Die Politik streicht den Museen nach jahrelanger Unterfinanzierung sämtliche Ankaufetats, um dann Exportkontrollen für Kunst zu erlassen. Etwa um die öffentlichen Sammlungen aufzuforsten? Private Sammler haben sich längst in die Grütters-Lager geflüchtet. Ohne Not provoziert die Bundeskulturpolitik eine Debatte über die Geschlossenheit der Kulturnation, wo kein wirklicher Diskussionsbedarf besteht. Denn die meisten haben doch inzwischen eingesehen, dass sich die Frage nach der deutschen Kultur nur über deren Austausch mit anderen Kulturen beantworten lässt. Nationale Identität gilt heute als etwas Fließendes, als etwas, das aus historischen Beziehungen in einer globalen Welt erwächst und nicht selbst gebacken werden kann. Wo diese Identität wieder als harter Kern provoziert und strapaziert wird, sind die Folgen regelmäßig zerstörerisch. So zerfällt Europa.

Weiterer Widerstand ist zu erwarten

Und selbst, wenn tatsächlich etwas im Lande bleiben muss, weil viel Erinnerung und Prestige daran hängt: Warum soll es der Staat dann nicht auf dem internationalen Kunstmarkt ankaufen, zu fairen Preisen? Das Geld ist doch da! Vorschläge, wie man Fonds neu bilden und aufrüsten könnte, sind gemacht worden, sogar von Parlamentariern. Die SPD muss sich fragen, warum sie diese nationale Schutzdebatte zugelassen hat, obwohl die Kulturpolitik des sozialdemokratisch geführten Außenministeriums in eine andere Richtung weist. Die CDU muss sich fragen, ob es klug ist, eine bürgerliche und mittelständische Kernklientel dauerhaft zu verprellen.

Jetzt sind Appelle zu hören, alle mögen sich doch bitte beruhigen, die Aufregung sei doch ein bisschen arg ausgefallen. Nein, es ist nur schwer vorstellbar, dass Ruhe eintreten wird. Es ist weiterer Widerstand zu erwarten, weil das Kulturgutschutzgesetz nicht nur das Eigentum der Bürger betrifft, sondern auch Eitelkeiten berührt, Biografien, Erbpläne, das kulturelle Selbstverständnis von einzelnen und von Kollektiven. 

Und die notwendige Umsetzung der Unesco-Konvention?
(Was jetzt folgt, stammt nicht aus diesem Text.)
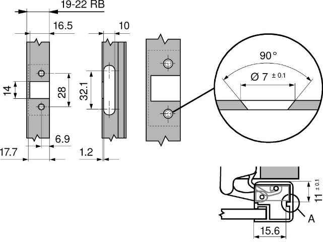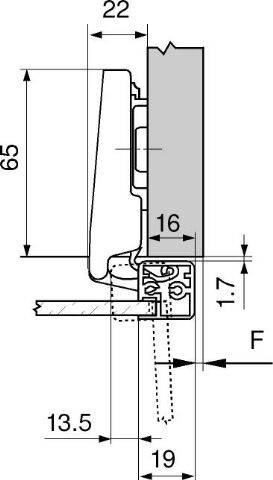 Blum závěs CLIP 95° na úzký ALU rámeček,naložený na vrut, s pružinou
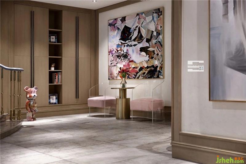地下室门厅以浅色木饰面与米色墙面为基调,透明粉色丝绒座椅与金属元素相配合,彰显主人的优雅品味,使空间更加舒适柔和;大幅彩色油画与BR@RBRICK彩色积木熊相呼应,提升空间艺术感。
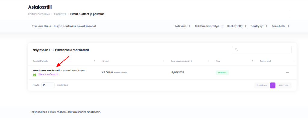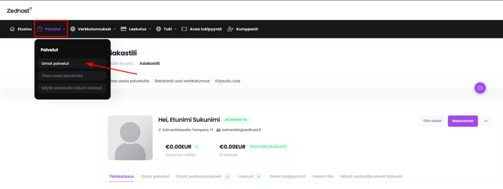 Palvelun peruakseksi täytyy sinun navigoida ylätunnuksen kautta Palvelut -> Omat palvelut osioon.
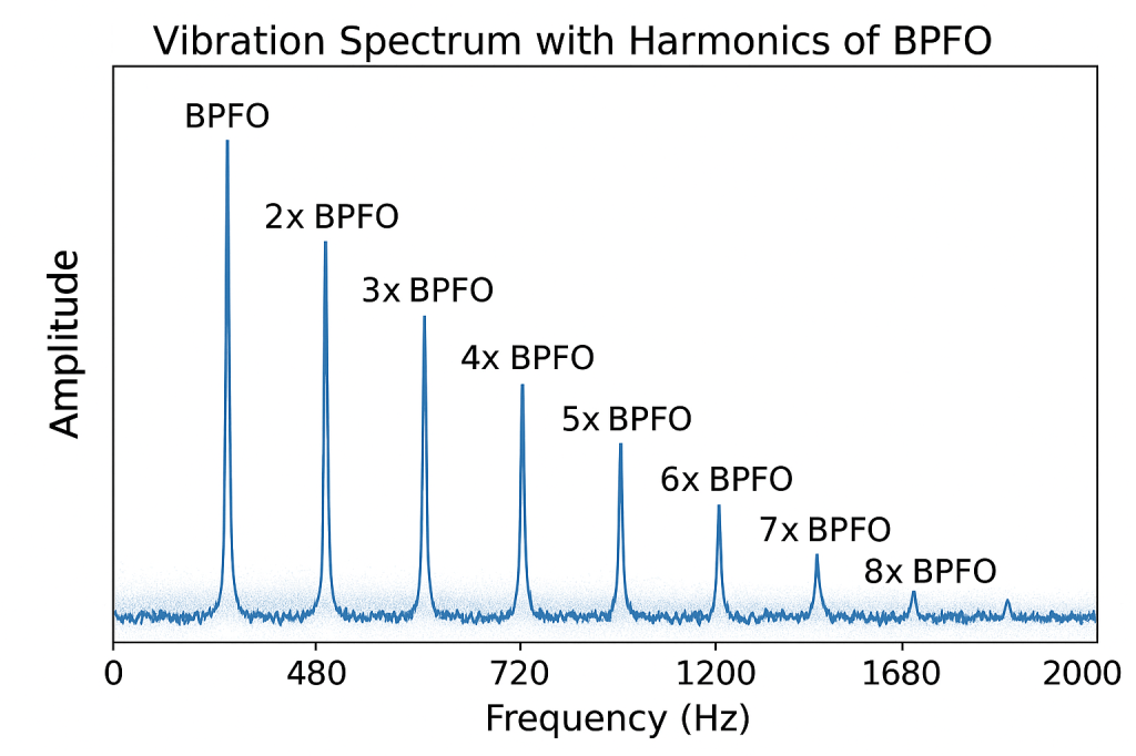 Exempel bild på övertoner i ett frekvensspektra. Övertoner (även kallat harmoniska frekvenser) i spektrum kommer från en periodisk våg, med det menas en sinusvåg som ex. kan vara avhuggen i toppen. Även komplexa signaler ger samma effekt och beror på att FFT algoritmen har svårt att omvandla komplexa signaler. Detta är alltså en matematisk produkt som egentligen inte finns i ”verkligheten”, däremot så används fenomenet för att identifiera skador på bland annat lager och är en del i att bedöma hur långt gånget en skada har fortlöpt.
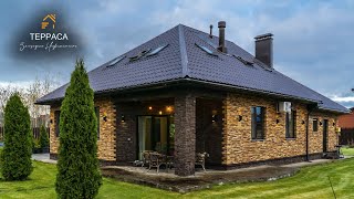 Стены – прочный газоблок 400 мм. + фасадное утепление 50 мм. + эффектная отделка дома выполнена под кипрский камень.
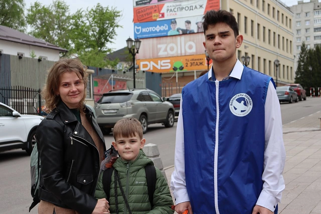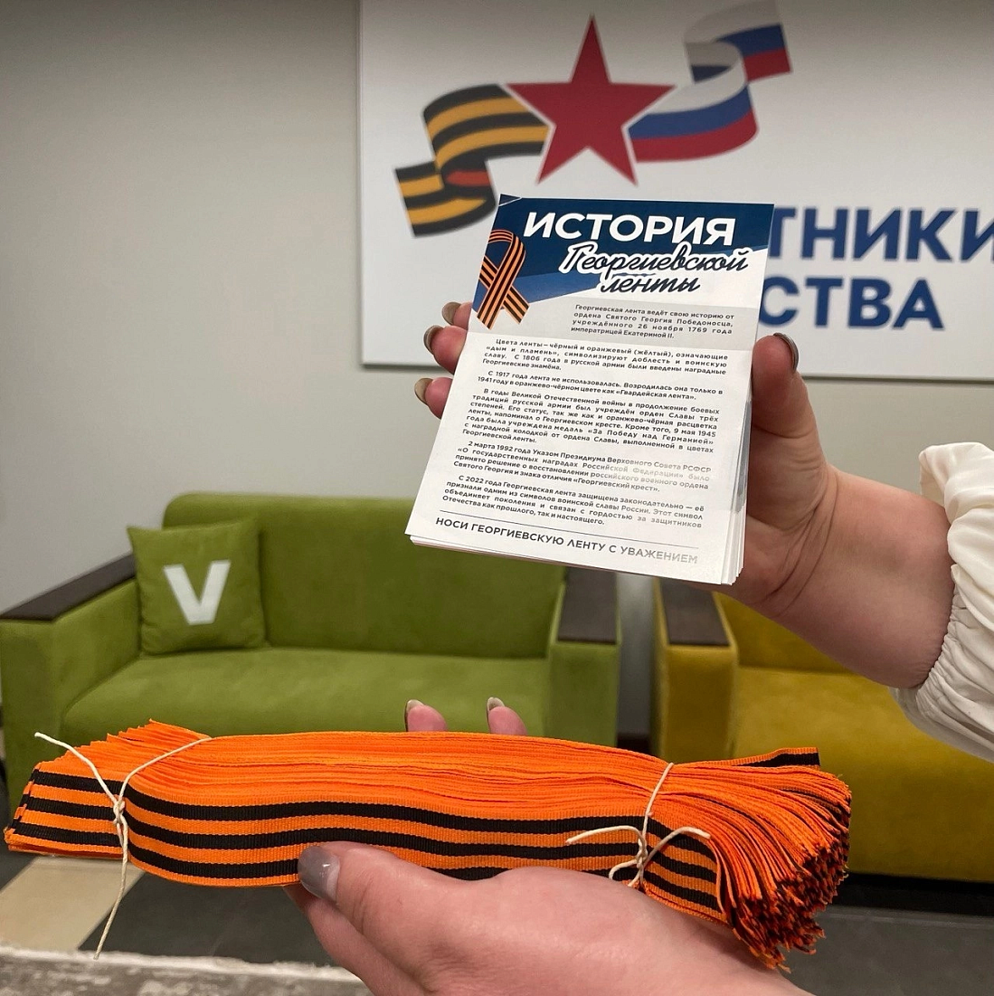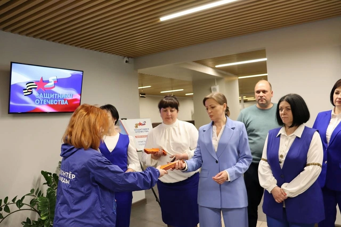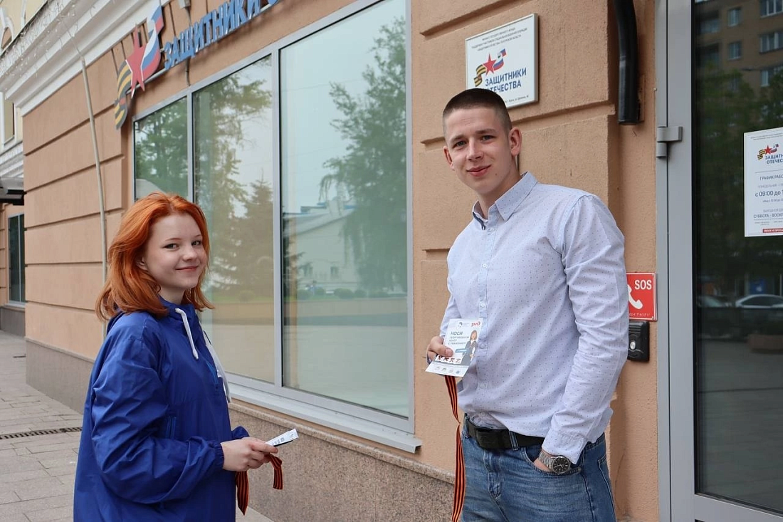 «Волонтеры Победы» совместно с курским филиалом фонда «Защитники Отечества» дали старт акции «Георгиевская ленточка». Она традиционно проводится в преддверии Дня Победы начиная с 2005 года. Участники раздали у входа в фонд ленту — символ Победы — прохожим, социальным координаторам и посетителям.

Das wäre die Sache eines Paragrafen gewesen. Das Problem der Raubgrabungen sowie der illegale Kunsthandel des "Islamischen Staats"? Niemand will das unterstützen. Die Wahrheit ist aber auch, dass der Handel mit irakischen und syrischen Antiken vorher schon illegal war. Man hätte den Zoll aufrüsten können, die Polizei und Interpol. Stattdessen ist ein Gesetz mit einem langen, hässlichen Namen beschlossen worden, das keinen Verbrecher abschrecken wird.

Der Staat hat seine Verordnung als politisches Statement erlassen. Er hat damit vielleicht seine Werte kommuniziert, aber er hat nicht gehandelt, weil akuter Regelungsbedarf bestand. Der Verdacht bleibt, dass dieses Gesetz vor allem aus Gründen der internationalen Selbstdarstellung der Bundesrepublik das Licht der Welt erblickte, gewissermaßen als ein Stück Regierungsmarketing. Dafür ist schon jetzt eine Menge Kultur verschwunden.